The recent centenary of Stefans Grové’s birth has been a catalyst for Herman Jordaan to investigate Grové’s monumental Afrika Hymnus, where the compositional materials, timbres and resonances, often removed from organ conventions, are stimulating and rewarding for the player and listener alike.  The author puts the music in the context of the environment and cultures of his native South Africa, and has prepared recorded music examples to accompany the article.

Organs, liturgy, and spaces at Lincoln Cathedral before 1702

Magnus Williamson recounts the archival and archeological detective work that has taken place at Lincoln Cathedral, in conjunction with the Byrd quatercentenary.  By bringing the building in line with post-Restoration practice in 1702, the Dean and Chapter also ended a spatial arrangement which had once generated the rich pre-Reformation tradtions of organs and voices in ‘alternatim’.  The characteristics of the building, and their musical implications, are probed in detail.

The organ works of Francis Pott

Tom Winpenny has recorded much of Francis Pott’s music, and this richly illustrated article on the organ works of Francis Pott is filled with an interpreter’s insights. Pott’s compositions are ‘revelatory creations of intellectual rigour and profound humanity,’ says Winpenny, and in his commentary and music examples we become absorbed in Pott’s preoccupations and motivations.

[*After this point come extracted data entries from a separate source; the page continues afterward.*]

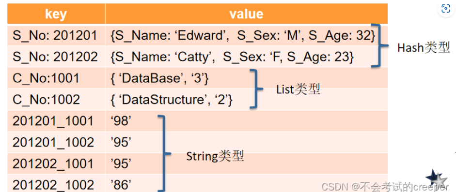 Eg.不会局限于固定的结构,可以减少一些时间和空间的开销——KV键值对数据库【不用多表联查】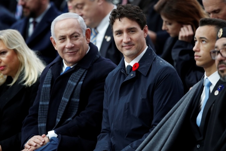 Israeli Prime Minister Benjamin Netanyahu and Canadian Prime Minister Justin Trudeau seen at a commemoration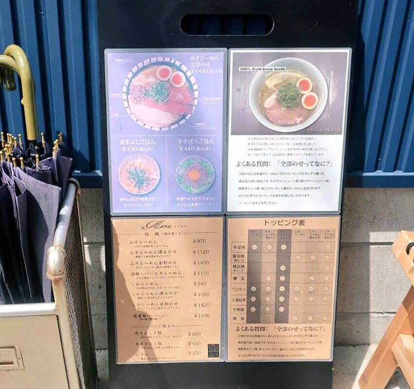 提供メニューの紹介に移ろう。「ぶりゆ」は現在、みそらーめん、しおらーめん、びゃんびゃん麺の3種の麺メニューをレギュラー商品として提供中だ。屋号に味噌拉麺の名を冠していることからも明らかであるが、看板商品は「みそらーめん」。私ももちろん「みそらーめん」を注文させていただいた。

Thomas Tomkins’s musical antecedents

Marking the 450th anniversary of Thomas Tomkins’s birth, John Caldwell investigates this ‘honest quiet peaceable man’ as one contemporaneous document characterised him. The focus of Caldwell’s study is the keyboard music, and not least how Tomkins reacted to the idioms and techniques he discovered in an important English sixteenth-century manuscript which came into his possession.